Current ISO for Windows 7 Professional x64 (the only edition I use) is 4.40GB so, it won't burn on a DVD5 and I don't use optical media much anymore anyway, I have an 8GB USB stick that I use exclusively for that ISO's target location.

But yeah, 216+ updates after an SP1 installation (using SP1 media) leads to 5 reboots and nearly 2.3GB of downloads even in spite of the estimated file sizes the Windows Update client tells you it'll have to grab. It ain't pretty but, that's how it goes.

I'm actually using OSX currently since I really can't tolerate Linux at all - I have a Windows 7 virtual machine that I just created not 24 hours ago using that newest ISO I just made yesterday as well (newest update pack was released on March 15th. If you're interested - and yes the site is in Russian so use Google Translate if needed, the actual instructions to integrate are simple: extract the install.wim file from a piece of SP1 media, put that in a folder with the update pack executable, open a Command Prompt, execute two lines of code (one to figure out which edition index you want to use or you can just do the entire disc and the second starts the actual update process, then you copy the install.wim back into the ISO after deleting the old one with a tool like Ultra ISO which is my tool of choice or PowerISO, whatever).

Anyway, more info in the OP of this thread:

Наборы - UpdatePack7R2 версия 16.3.15

I'm pissed at Microsoft for a lot of things - especially anything and everything related to Windows 10, period - but my biggest grip overall, even in spite of some of their underhanded bullshit happeing to Windows 7, is the fact that they never gave us a proper Service Pack 2 for Windows 7 and of course now that's the proverbial snowball's chance in hell kind of thing.
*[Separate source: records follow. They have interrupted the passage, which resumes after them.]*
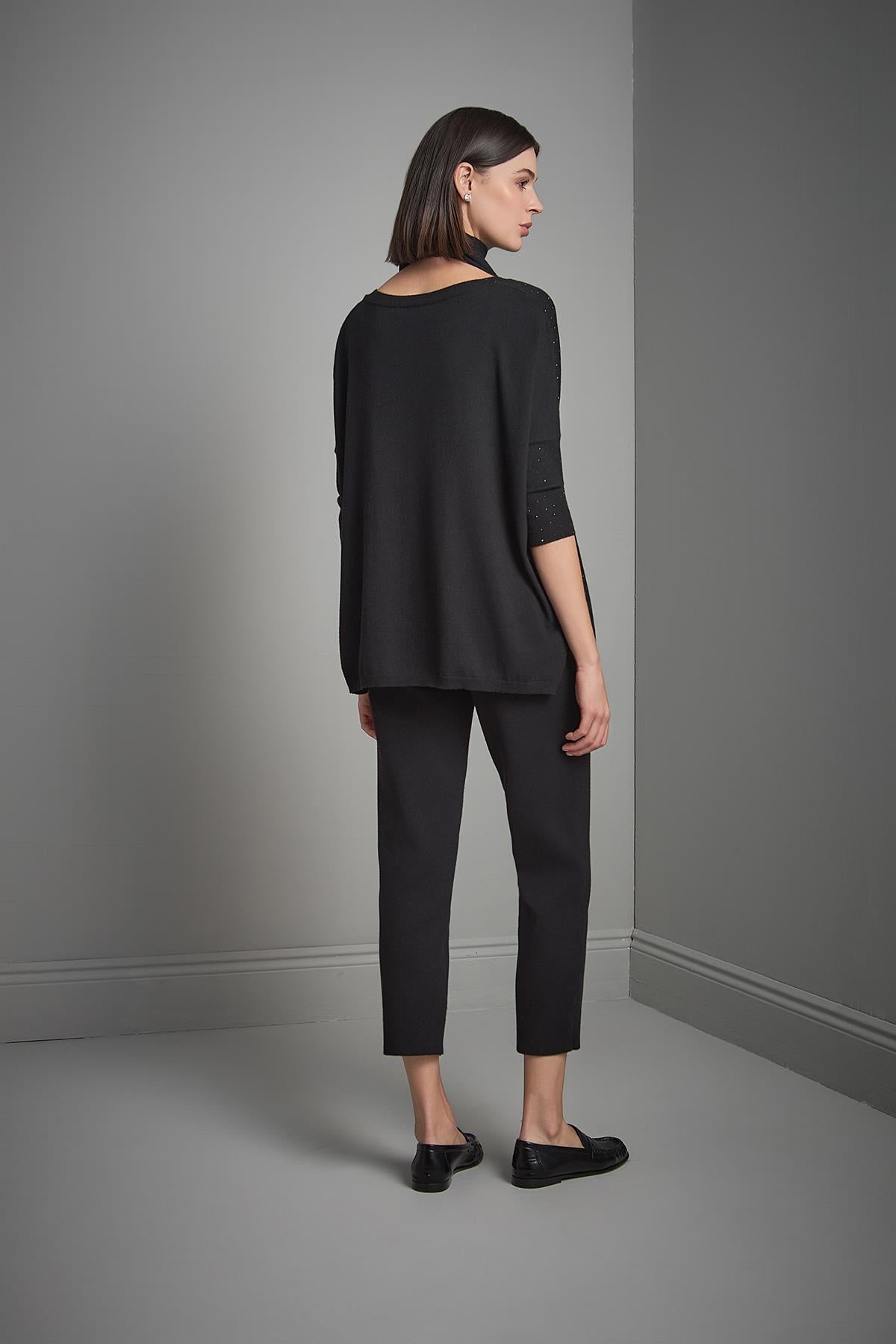Atkı Detaylı Taş Baskılı Siyah Triko Bluz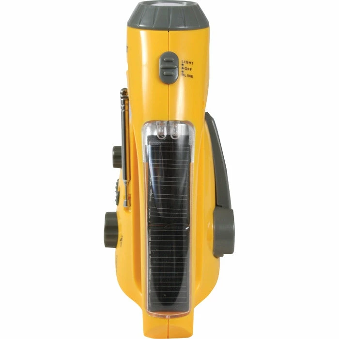 Always be connected. Charge in sunlight in 11 to 13 hours. Solar panels charges in direct sunlight in only 4 to 5 hours. Rechargeable lithium battery charges in 2 hours when connected to a computer. Includes 1 USB and 1 discharging cable, 6 interchangeable connectors. Blister carded. This solar powered radio & flashlight combo is an essential item for any outdoorsmen. This item is quipped with a “Blink/Siren” feature which will alert anyone you are in danger. When you are stuck in the wilderness without any batteries, you can count on the solar powered radio and flashlight to provide you with light, charged by solar energy or by cranking.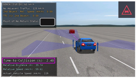 The visualization of the ARO beginning to cut into the middle lane where the AV is driving during the 120 km/h scenario can be seen in Figure 8.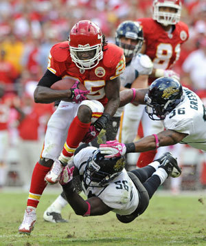 25日,北美职业橄榄球联盟(NFL)堪萨斯城酋长的跑锋查尔斯(左)在与Jackson Jaguars举行的比赛中,甩掉了对方的后卫,奔驰着。最后,堪萨斯城以42:40获胜。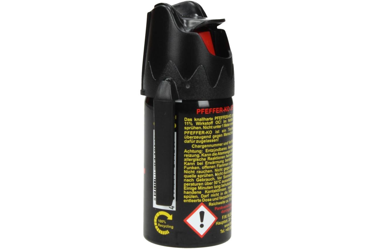 Obranný pepřový sprej KO JET využijete při osobní sebeobraně proti útočníkovi, ať už je to člověk, pes či divoké zvíře. Tento sprej dočasně paralyzuje protivníka a způsobí mu silné podráždění očí a dýchacích cest, v některých případech i dočasnou slepotu. Díky své velikosti jej lze snadno schovat do kapsy nebo díky poutku uchytit za opasek. Vyvarujte se potřísnění očí, pokožky, či sliznice (stříkejte pokud možno po větru).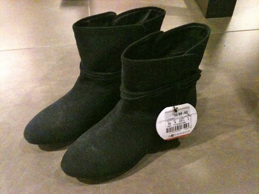 The movie was still at 4:40 pm, so we headed to 313 Somerset to look for a birthday gift for Tatsie’s friend. When we stepped into Zara, I tried on the booties that I had fallen in love with since the first time I saw them but didn’t buy because I only buy shoes below the S$50 range. “They look really nice, don’t they?” I asked Cate when I had managed to find her and Tatsie at the far end of the store. “Go buy!” she said. It was the exact same thing she told me about these same booties when I first pointed them out to her weeks ago. I still couldn’t, though, so I took them off and put them back, but not before snapping a picture.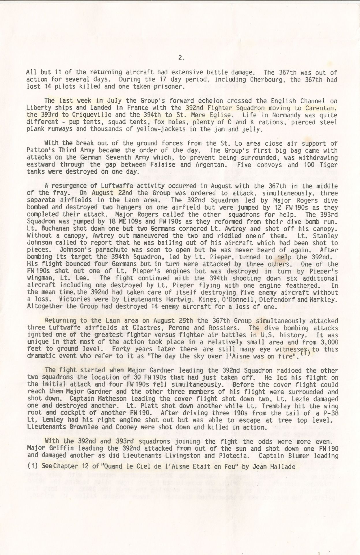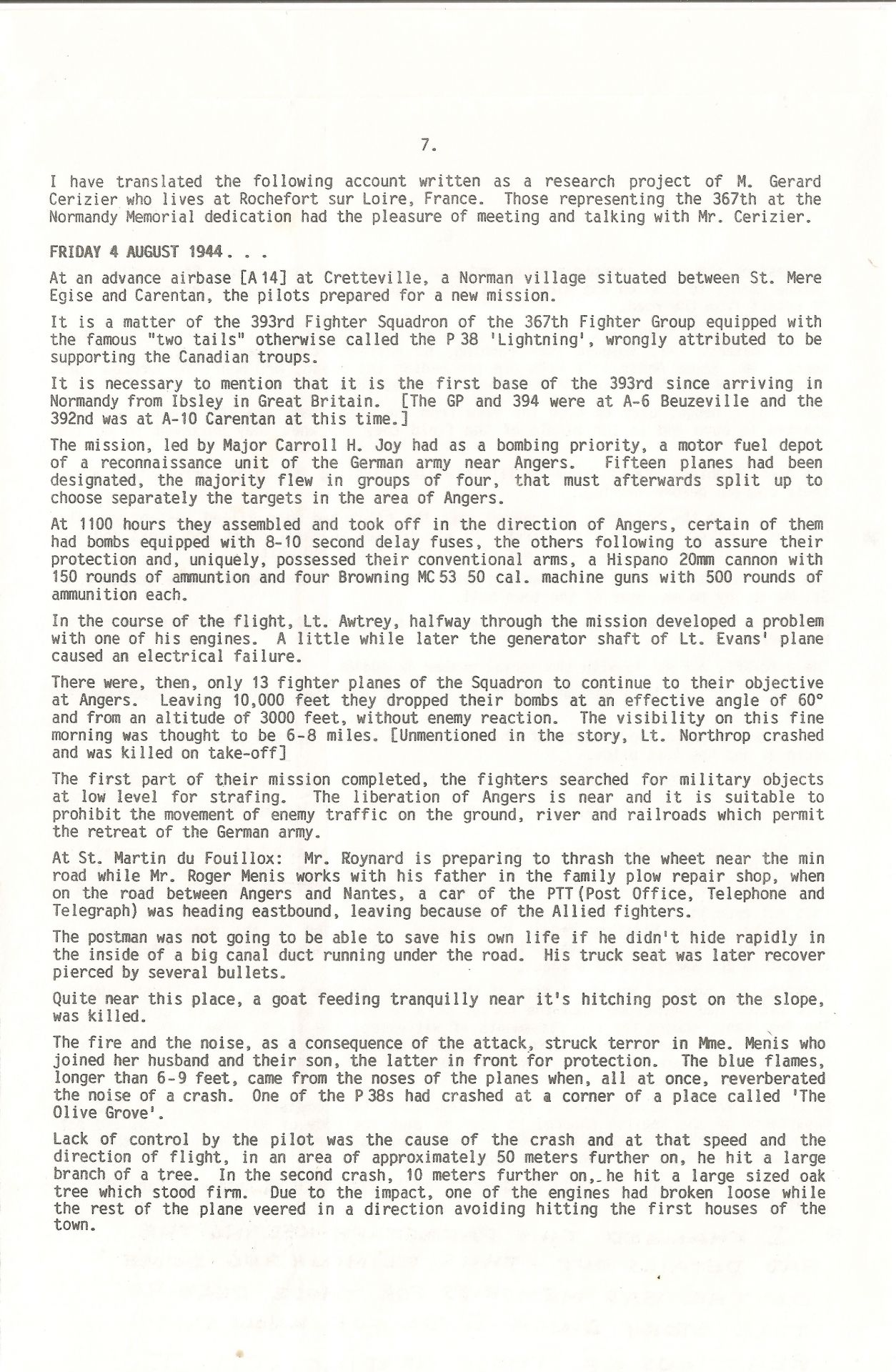 " Sur une base aérienne avancée [A 14] à Cretteville, un village normand situé entre St. Mère Église et Carentan, les pilotes se préparaient pour une nouvelle mission. Il s'agissait du 393rd Fighter Squadron du 367th Fighter Group, équipé des célèbres " deux queues ", autrement appelés les P-38 " Lightning ", à tort attribués au soutien des troupes canadiennes. Il est nécessaire de mentionner que c'était la première base du 393rd depuis son arrivée en Normandie depuis Ibsley, en Grande-Bretagne. [Le groupe et le 394th étaient à A-6 Beuzeville et le 392nd était à A-10 Carentan à cette époque.]

It would have been nice to have one but doing this update pack monthly is easier I suppose and once you create one, you can use that install.wim for the next month, you don't have to do the entire process again to do the 216+ updates, the update pack creation is cumulative in that respect.

The original update pack I used was from 2 years ago and I've just used the monthly releases to create the new ISO which takes a few minutes at most - the first time you create one from SP1 media it will take upwards of 30-45 minutes depending on your machine's power/speed/storage, but after that the regular smaller patching happens much much faster.